Anche il comparto agroalimentare continua a espandersi, con l’export che nelle stime Ambrosetti arriverà a 71 miliardi, segnando un nuovo record storico. Quanto all’impatto delle tariffe e delle tensioni commerciali, De Molli invita a distinguere gli allarmi dalle evidenze: alcuni settori subiranno contraccolpi, ma il sistema nel suo complesso resta straordinariamente diversificato e competitivo.
Soft power, turismo e attrattività: il capitale immateriale che sostiene la crescita
Accanto alla dimensione manifatturiera, il capitale immateriale italiano mostra una vitalità crescente. L’Italia è prima al mondo per soft power culturale e per numero di siti Unesco. Nelle classifiche internazionali delle città culinarie domina sei posizioni su dieci. La presenza della ristorazione italiana nelle grandi metropoli mondiali cresce stabilmente, superando quella francese in quasi tutti i mercati analizzati.

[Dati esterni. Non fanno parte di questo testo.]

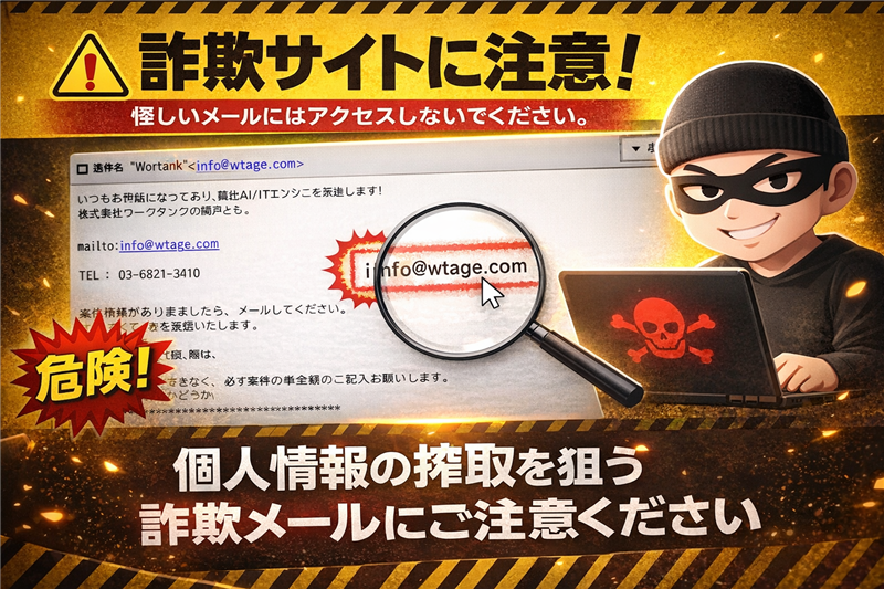 【調査報告】最新の詐欺メール解析レポート 本レポートは、収集された不審メールおよびリンク先の動的解析結果です | 最近のスパム動向 今回ご紹介するのは「株式会社ワークタンク」を騙るメールですが、その前に最近のスパムの動向を解説します。2026年現在、BtoB(企業間取引)を装った「人材紹介・エンジニア派遣」型のスパムが急増しています。これらはビジネスメールの形式をとり、受信者の警戒心を解きながら個人情報や案件情報を巧みに引き出そうとするのが特徴です。

Il turismo internazionale ha superato i livelli pre-pandemia, sostenuto dall’espansione del traffico aereo, dal primato nel segmento crocieristico e da una seconda posizione globale per arrivi turistici complessivi. La mobilità ferroviaria continua a registrare un aumento dei passeggeri-km, consolidando il ruolo dell’alta velocità come infrastruttura strategica.
Dal pessimismo all’azione: perché la crescita futura dipende dal cambio di narrativa
La conclusione di De Molli è un richiamo alla responsabilità. In un contesto globale plasmato da shock energetici, transizione digitale, trasformazioni geopolitiche e tensioni demografiche, la capacità di un Paese di orientare investimenti e innovazione dipende sempre più dalla qualità della sua narrativa interna. Scegliere il racconto del declino significa amplificare le incertezze, ridurre la propensione all’investimento e neutralizzare la competitività acquisita. Scegliere invece la via dell’evidenza, dei dati e dei risultati permette di trasformare gli “squarci di luce” in traiettorie di crescita strutturale.

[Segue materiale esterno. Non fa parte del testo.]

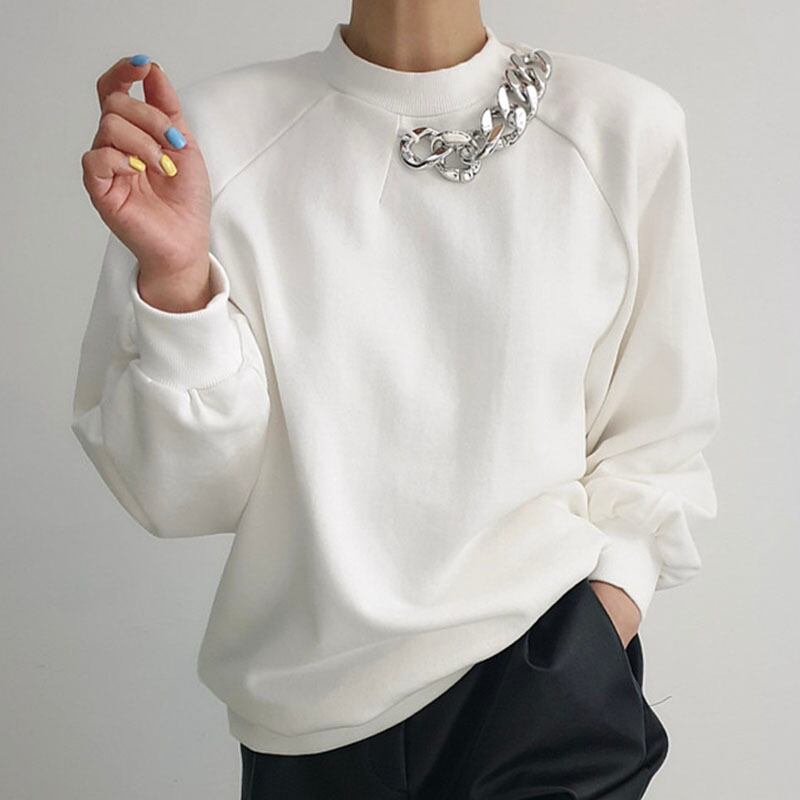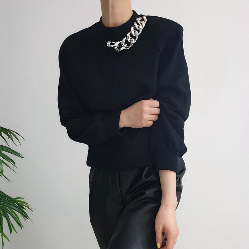 ノミクマ シック 秋 スタンドネック プルオーバー トレーナー チェーン パフスリーブ パーカー 2021 トップス ジャンパー 6X001 オータム 秋物 kor41201967704
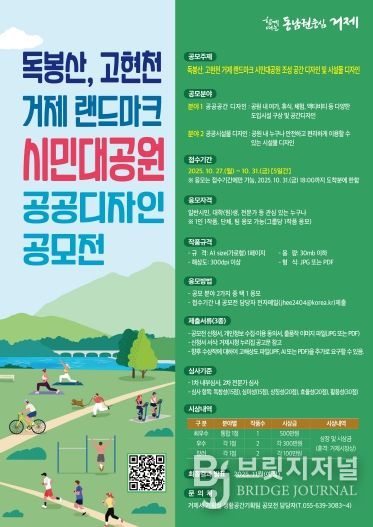브릿지저널 김경미 기자 | 거제시는 독봉산·고현천 일대 랜드마크 시민대공원 조성사업의 관심과 공감대를 형성하고, 다양한 아이디어를 반영하기 위하여 독봉산·고현천 거제 랜드마크 시민대공원 공공디자인 공모전을 개최한다.
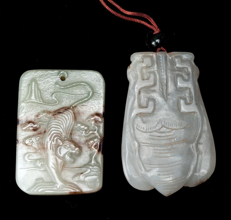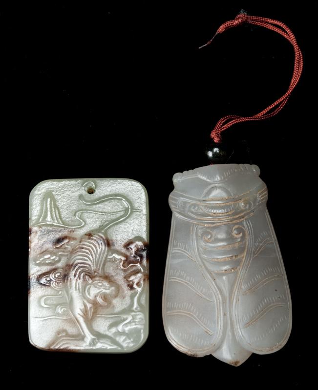 To include a cicada finely carved on both sides with hanging apparatus and black bead, 2.25"L. together with a rectangular in light and medium celadon, finely carved on both sides to depict a tiger, 2.125"L.
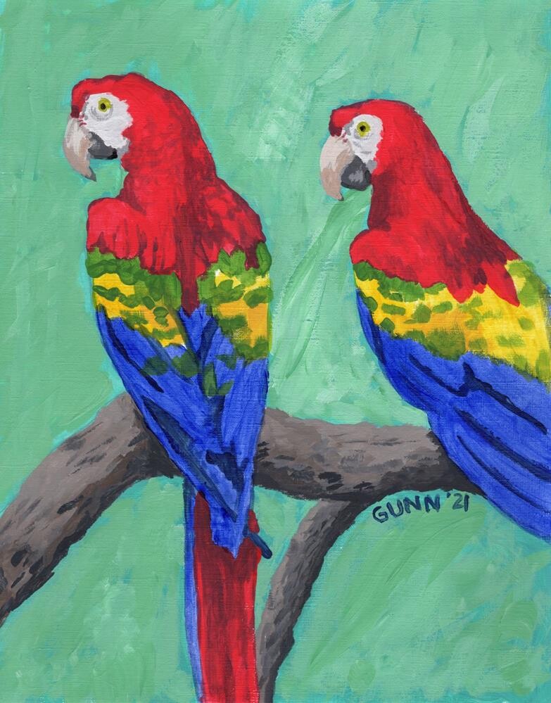 A pair of scarlet macaws perched on a tree limb with a blue-green background, showing off their rainbow of colored feathers. An acrylic sketch on primed paper to test the composition, just signifcantly larger than a traditional thumbnail sketch. A pair of scarlet macaws perched on a tree limb with a blue-green background, showing off their rainbow of colored feathers. An acrylic sketch on primed paper to test the composition, just signifcantly larger than a traditional thumbnail sketch. |
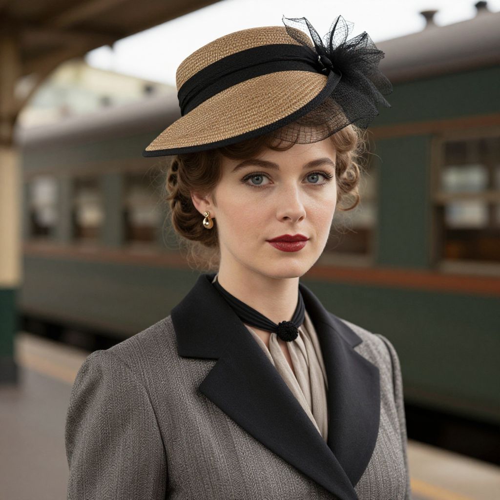Photograph of a fair-skinned, blue-eyed woman with short, curly brown hair, wearing a beige straw hat with a black ribbon and black netting. She has red lipstick and small pearl earrings. She wears a gray, textured wool blazer with black lapels over a beige blouse, tied with a black bow at the collar. She stands in a train station, with a green and brown train visible in the blurred background. The station has a wooden roof and platform. The overall style is vintage, evoking early 20th-century fashion.
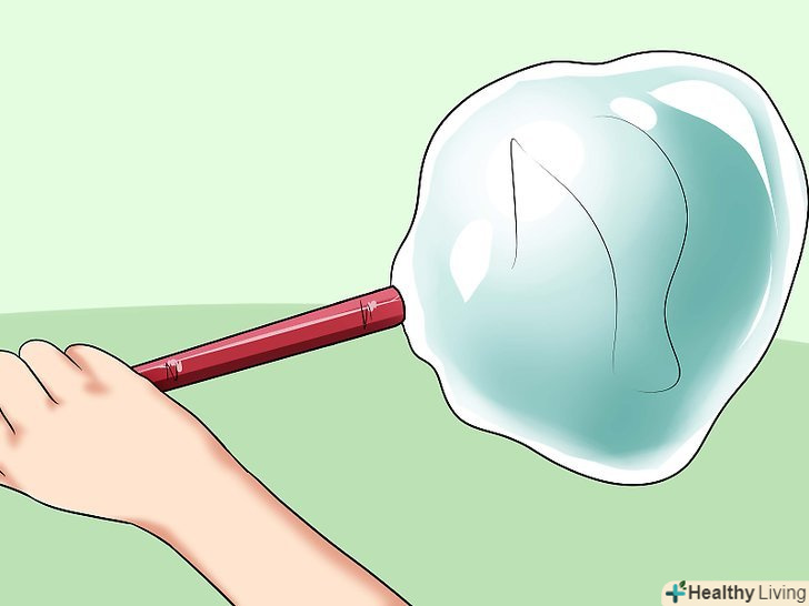 Видихніть дим через сухий край соломинки, що не побував в мильному розчині. видихайте повільно і акуратно, поступово надуваючи міхур і намагаючись, щоб він не лопнув. Видихнувши весь дим, затримайте дихання і обережно відсуньте соломинку, відокремлюючи її від міхура. [12]- Не вдихайте повітря через соломинку, інакше ваш рот тут же заповниться милом.

L’Italia, sostiene De Molli, non ha bisogno di sussidi né di retoriche difensive, ma di imprenditori capaci di “rimboccarsi le maniche” e di istituzioni che accompagnino un trend positivo già in atto. La sfida dei prossimi anni sarà costruire un ecosistema capace di riconoscere e amplificare i successi, anziché lasciarli oscurati dai profeti di sventura.